Three months into my expedition, I walked through the depths of central Anatolia, a never-ending patchwork of wheat fields, to the city of Gordium. Situated on the Persian Royal Road just west of Ankara, this was the capital of Phrygia, a kingdom founded by Gordius in the 8th century BC. It was expanded by his famous son, Midas, whose touch according to legend turned everything to gold.
It was here that one of the most celebrated moments in Alexander’s career occurred. Alexander was attracted by the story surrounding a ceremonial chariot that marked Gordius’ grave. The wagon’s yoke was attached by a knot no man had ever been able to undo. Not unlike the story of Arthur and the sword in the stone, people believed that whoever undid the knot would become Lord of all Asia. Surrounded by a crowd of onlookers Alexander struggled to loosen the knot. Growing frustrated he drew his sword and slashed through it. Apparently Zeus himself approved of Alexander’s actions, for ‘there were thunderclaps and flashes of lightning that very night’.
In the baking heat of August, I headed southeast via Cappadocia, across the Taurus mountains, and on past Tarsus.
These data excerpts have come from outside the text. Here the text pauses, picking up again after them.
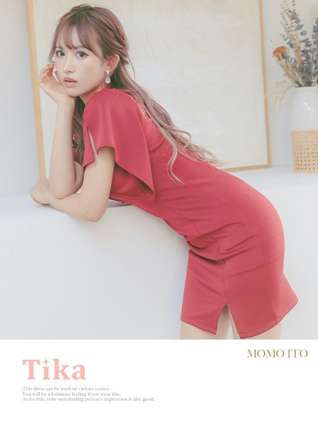 キャバドレス ミニ丈 大きいサイズ キャバクラ 袖あり Tika ティカ ハイネックフラワーレース切替半袖ペタルスリーブサイドスリットタイトミニドレス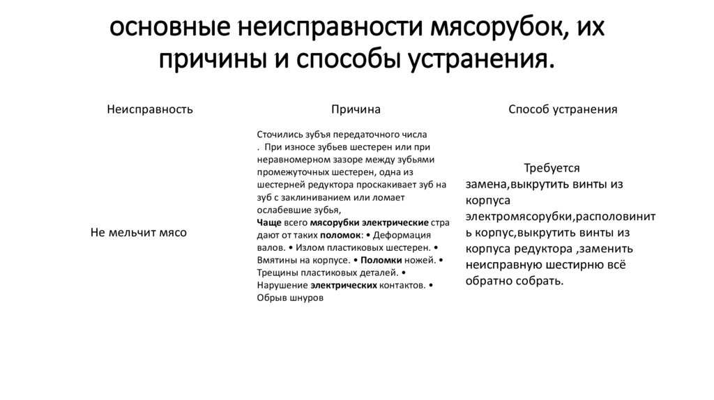 основные неисправности мясорубок, ихпричины и способы устранения.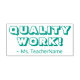 This inspirational rubber stamp design features the message "QUALITY WORK!" and a personalized tutor's name. It could be used by a teacher, educator, instructor, or tutor when marking assignments, to indicate that the student has done a great job.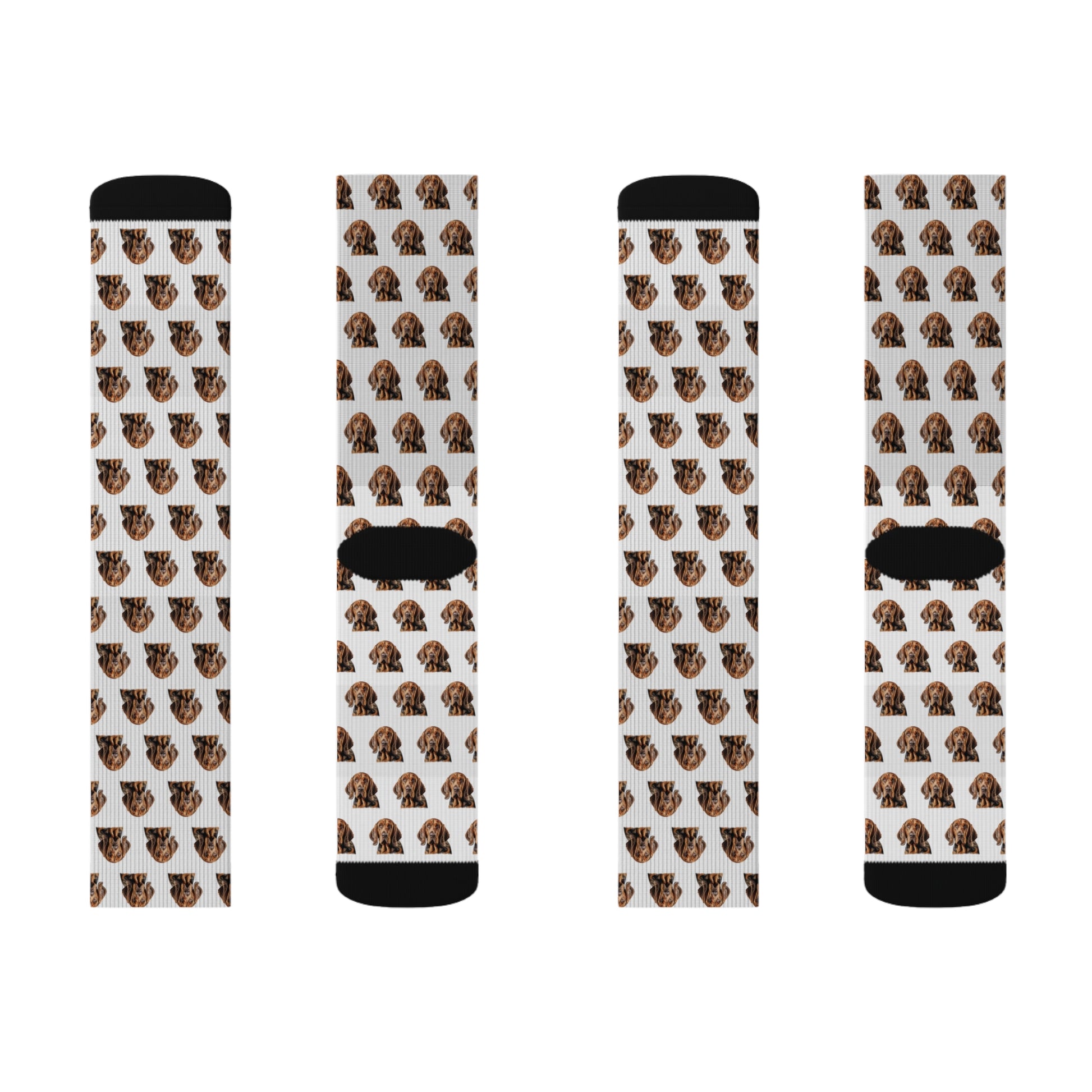Celebrate your love for Bloodhounds with our vibrant and stylish socks! Featuring a unique Bloodhound pattern, these high-quality socks provide optimum comfort and a splash of fun to any outfit. They serve as a subtle accent to complement a professional look or an eye-catching statement for a more extravagant ensemble.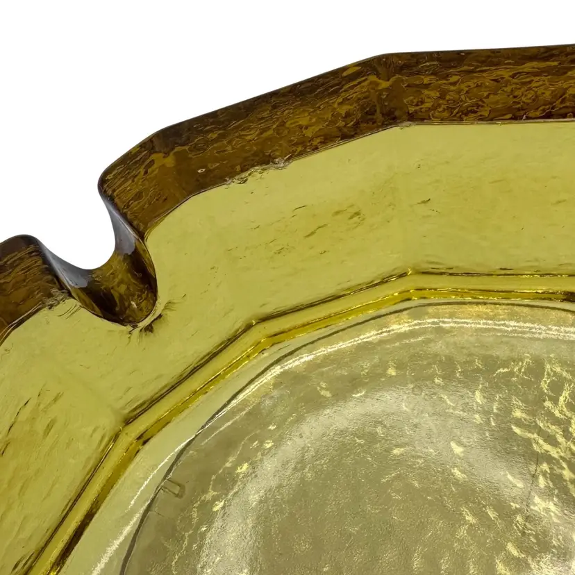 5-6" Octagonal x 1-2" H Small chips noted at side of 1 notch-see photos Vintage Blenko MCM Amber Art Glass Ashtray Octagonal Shape with faceted sides and 4 Notches MCM 1960s- 1970s Great addition to collector or as a catch all dish, trinket dish, or decor Blenko Glass Company founded in 1930 in West Virginia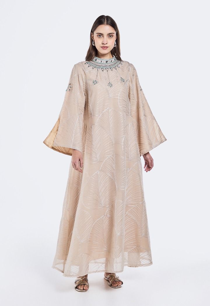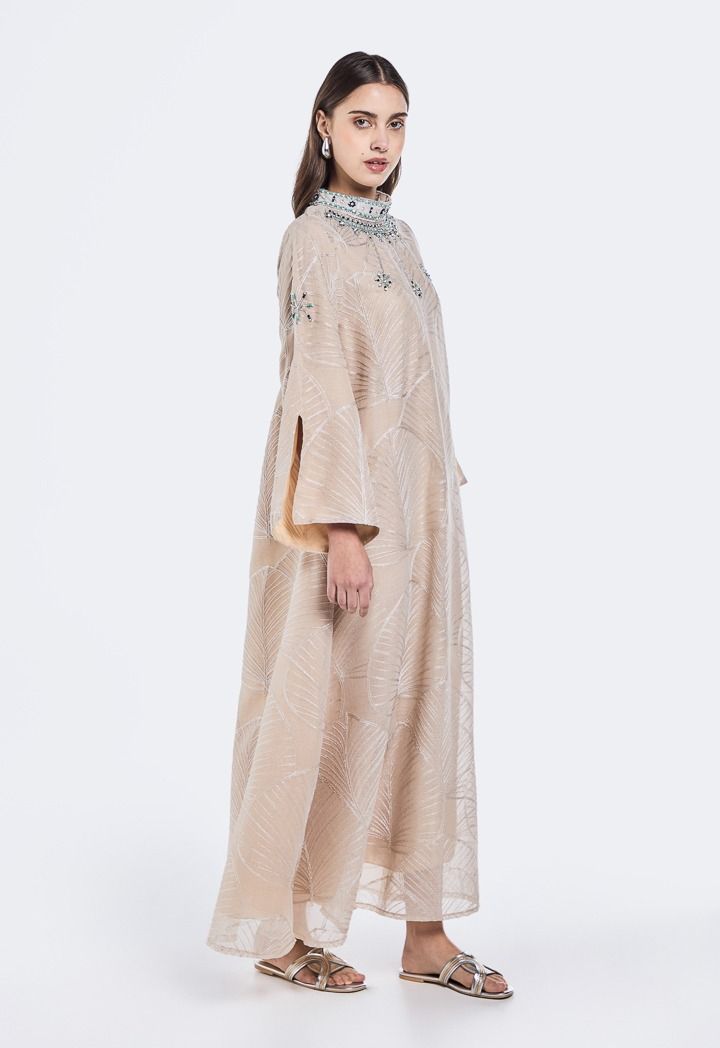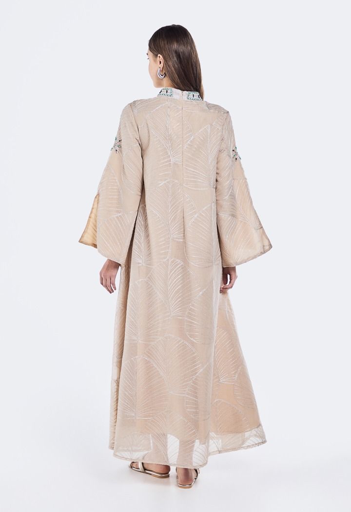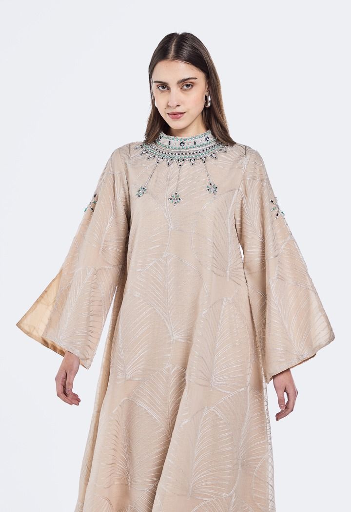 Stand out with simple elegance in an abaya adorned with crystals and beads, a luxurious design that adds a touch of opulence and completes your look with exquisite details.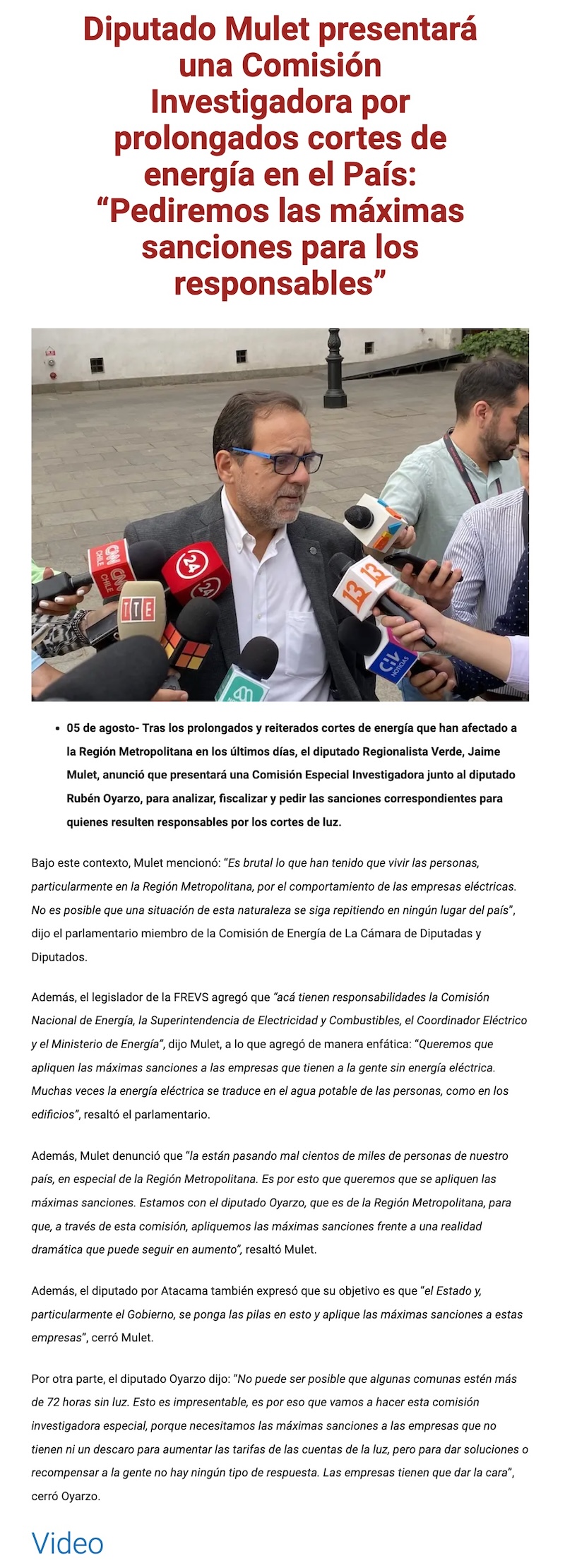 Diputado Mulet presentará una Comisión Investigadora por prolongados cortes de energía en el País: "Pediremos las máximas sanciones para los responsables" - (chanarcillo.cl)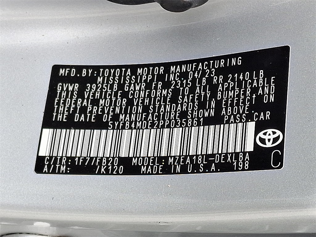 LE | 19,139 milesStock # AN1314A | VIN # 5YFB4MDE2PP035861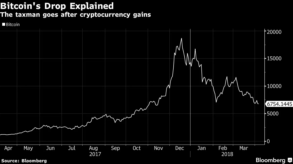比特币忧郁甚至连加密货币,长期以来一直是犯罪分子和希望保持隐秘的其他人偏爱的交易手段,也无法逃脱税务部门的追踪。今年,加密货币面临着巨大的压力,比特币本周跌破 7000 美元,损失了大约一半的价值。虽然对这种疲软有各种解释,但Fundstrat Global Advisors的研究主管汤姆·李认为,部分下跌与 4 月 15 日的所得税申报截止日期有关。这是因为那些在数字代币上大赚特赚的投资者一直在出售部分持有以支付 250 亿美元的资本利得税,彭博新闻的乔安娜·奥辛格引用李的研究报告称。“这是从加密货币到美元的大规模流出,”李写道。“历史估计每 1 美元的美元流出对加密市场价值的影响为 20-25 美元,”李写道。这个 250 亿美元的预测源于他对美国家庭在 2017 年从加密货币中获得 920 亿美元应税收益的估计。李估计,2017 纳税年度的资本利得收入将创下 1680 亿美元的记录,他对比特币的年末价格目标为 25000 美元。

Where the coast of Turkey turns south to the east of Adana, a great mound lies, excavated in recent times. This earthen ‘huyuk’, like many scattered around this part of the world, marks an ancient settlement, in this case, the town of Issus. It was here that Alexander left his sick and injured soldiers before moving south hot on the trail of the Persian Great King, Darius. Unbeknown to Alexander, however, Darius’s army was actually wheeling around behind him. When Darius reached Issus, he cut off the hands of the Macedonian sick he found there.
Today the area is an industrial zone crammed with smoking factories, far removed from its ancient past. But it was here that one of the most significant battles in history was fought. On the banks of a small river, Alexander assembled his force. He had chosen the site carefully, a narrow plain hemmed between mountains and sea, to prevent the Persians from using their vastly greater numbers. I remember walking around the area, armed with the ancient writers who described the battle, trying to make sense of the landscape.
As was usual, Alexander himself led the charge at the head of his finest cavalry, a true leader who showed his men the way. He aimed right at the heart of the opposing army to Darius himself. The scene is immortalised in a mosaic found at Pompeii. Alexander gallops steely eyed straight for the Persian Great King, who turns tail and flees as fast as he can. One of the ancient authors, Diodorus Siculus, wrote:
‘More than achieving victory over the Persians, Alexander wished to be the personal instrument of victory’. It is a telling insight into the nature and personality of this legendary figure.
My walk finished just a few miles south of the site of the battle at the city of Iskenderun, named after a city Alexander founded here in commemoration of the battle. Four and a half months and 2,000 miles after setting off on foot from Troy, I could not believe my journey had finished. The myriad ancient cities I had seen were embedded in my memory, but what remains foremost in my mind is the sincere friendship of the Turkish people, extended constantly to a weary traveller far from home. Every single day I was welcomed into their homes and showered with kindness and hospitality. Though just a brief affair, it was passionate in the extreme, and left me madly in love with the land that is Turkey.